OpenTelemetry Host Metrics receiver
The hostmetricsreceiver is an OpenTelemetry Collector plugin that collects comprehensive system-level metrics from host machines. Updated for OpenTelemetry Collector v0.140.1+, it provides critical insights into system performance, resource utilization, and potential bottlenecks that could impact your applications.
Overview
By collecting and analyzing host metrics, you can:
- Monitor system health in real-time across your infrastructure
- Identify performance bottlenecks before they impact users
- Track resource utilization trends for capacity planning
- Set up alerts for anomalous behavior or resource exhaustion
- Correlate system metrics with application performance issues
Available Scrapers
The hostmetricsreceiver includes multiple scrapers for different system components:
| Scraper | Description | Key Metrics | Platform Support |
|---|---|---|---|
| cpu | CPU utilization and time | system.cpu.time, system.cpu.utilization | All |
| memory | RAM usage and availability | system.memory.usage, system.memory.utilization | All |
| disk | Disk I/O operations | system.disk.io, system.disk.operations | All |
| filesystem | Filesystem usage (including NFS) | system.filesystem.usage, system.filesystem.utilization | All |
| network | Network I/O and connections | system.network.io, system.network.connections | All |
| load | System load averages | system.cpu.load_average.1m/5m/15m | Linux/Unix |
| paging | Swap/paging activity | system.paging.usage, system.paging.operations | All |
| process | Aggregate process counts | system.processes.running, system.processes.blocked | All |
| processes | Per-process metrics | process.cpu.time, process.memory.usage | All (requires elevated permissions) |
Prerequisites
Before you begin, ensure you have:
- OpenTelemetry Collector installed (installation guide)

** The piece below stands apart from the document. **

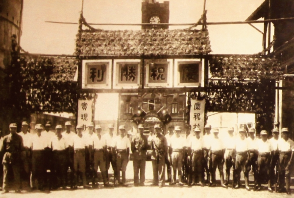 ![]() 抗战胜利大生纱厂搭起凯旋门
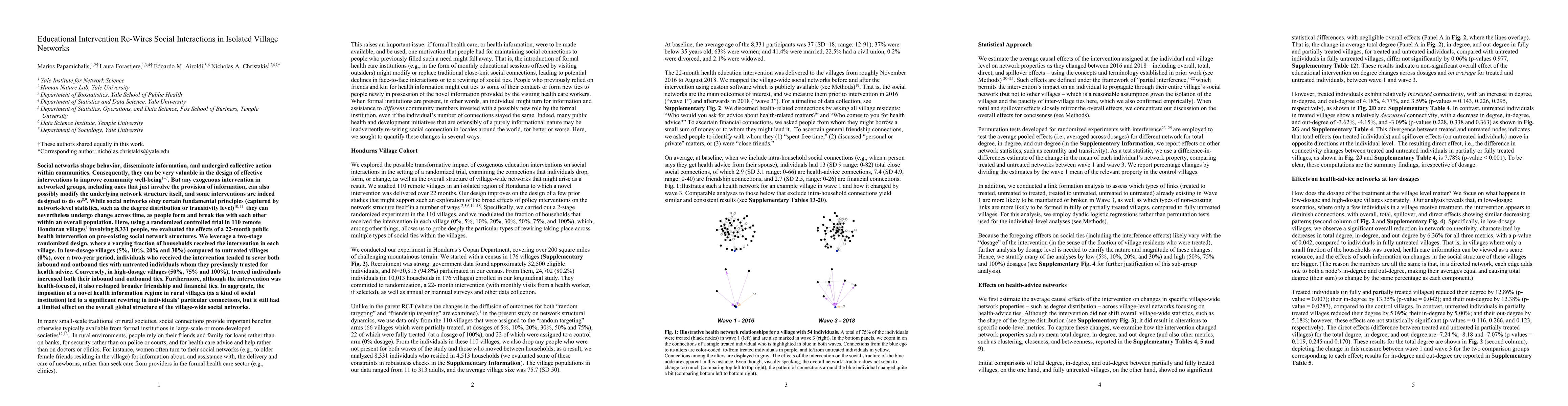 A 22-month public health intervention reshaped social connections in rural Honduran villages, increasing both inbound and outbound ties for treated individuals, but had limited effect on overall network structure.

- Appropriate permissions to collect system metrics
- Access to modify the Collector configuration
- A telemetry backend configured (e.g., Uptrace, Prometheus, Jaeger)
What is OpenTelemetry Collector?
OpenTelemetry Collector is a vendor-agnostic agent that:
- Collects telemetry data from various sources using receivers
- Processes data through a pipeline (filtering, aggregating, transforming)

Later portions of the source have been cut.